If the safety deposit box is rented by the decedent and a surviving spouse, the spouse may enter the box
after the decedent’s death to retrieve the Will and cemetery deed, but a similar complete list of the
inventory of the box should be made and list the parties present as well as the date the inventory was
made.
Simple Will Search
If the safety deposit box was rented by the decedent with another person other than a spouse, or by the
decedent alone, the box may be opened in the presence of a bank employee, only for the purpose of removing the
Will and cemetery deed. The bank employee must make or cause to be made a record of the documents removed
from the box during the entry. In addition, where the estate heirs do not believe there are any valuable
assets in the box, the bank can be authorized to do a Will search just to see if there is anything in the
box or if it is indeed empty, rather than going to the expense of hiring an attorney to inventory the box.
However, not all banks are willing to do this.
Enter At Your Own Risk
A significant problem arises when the decedent rented the box with a son or daughter or any other person other
than a spouse. Under the Inheritance and Estate Tax Act, the procedures to enter and inventory the box as
outlined above must be followed, that is, the personal representative of the estate should have an attorney
appointed by the Pennsylvania Department of Revenue, who then has the authority to enter the box and complete
the inventory and forms required and forward them to the Department of Revenue. However, often after the
death of a parent, a joint lessee of the box with the decedent, more often than not, an adult child unaware
of the Tax Act’s requirements and procedures, goes to the bank, enters the box, and removes the contents of
the box. The bank employees, being unaware of the death of the co-lessee because the adult child never
informs the bank employee, allows the entry because the adult child or other joint lessee is a co-lessee of
the safety deposit box and entitled to entry. The co-lessee then removes the contents of the box and may even terminate the lease on the box. Now the bad news. Where a co-lessee enters a safety deposit box after the death of decedent co-lessee, without following the Tax Act’s procedures as outlined above, the entering party, whether an adult child or whoever the co-lessee may be (other than a spouse of decedent), will be guilty of a misdemeanor of the third degree.

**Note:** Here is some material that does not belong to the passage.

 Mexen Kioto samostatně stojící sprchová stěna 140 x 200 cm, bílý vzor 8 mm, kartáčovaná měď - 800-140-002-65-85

The penalty for such a misdemeanor is a term of imprisonment of not more than one year. If the bank
employee, who permitted entry by a co-lessee, had knowledge of the other co-lessee decedent’s death
and permitted entry by the joint lessee in violation of the provisions of the Act, they too are also subject
to the penalty.
Needless to say, the penalty for entering a safety deposit box of a deceased parent with whom an adult child
was a joint lessee on the box without following the Inheritance and Estate Tax Act procedures, gives rise to
truly unexpected consequences—like jail! The only defense is lack of actual knowledge of the death of the
joint colessee (this may be hard for an adult child to argue). In addition, the Department of Revenue does not
have to prove that tax evasion was the motive for unauthorized entry. Just the improper entry in and of
itself is the offense and subject to the penalty.

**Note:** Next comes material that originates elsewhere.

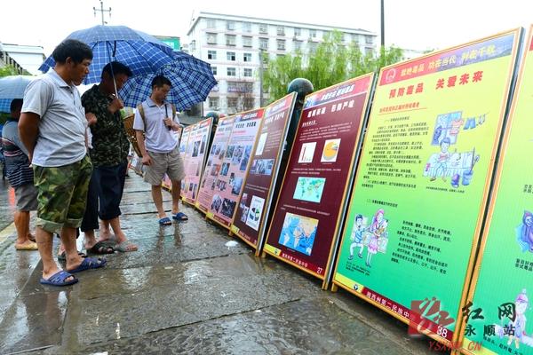 红网永顺站6月26日讯(通讯员 余光龙)6月26日,永顺县禁毒委员会、公安、司法、疾控中心等部门组织开展多种形式的国际禁毒日宣传活动,通过图片展示、现场咨询、发放宣传资料等,使广大群众自觉防范和抵制毒品、远离毒品的侵蚀,提高对毒品危害的认识,营造全民禁毒教育良好氛围。

Having experienced a client who never advised the writer of the existence of the safety deposit box even when
asked and who only discovered after the fact that the client entered the box in violation of the Act’s
procedures, I offer this as a cautionary tale. The Department of Revenue, like any taxing authority, does
not look kindly upon blatant though innocent violations of their procedures. And as always, ignorance is no
defense.
Rosemary A. Sullivan is partner-in-charge of
the Trusts & Estates Practice Group of Hill Wallack LLP in the Langhorne, Pennsylvania Office.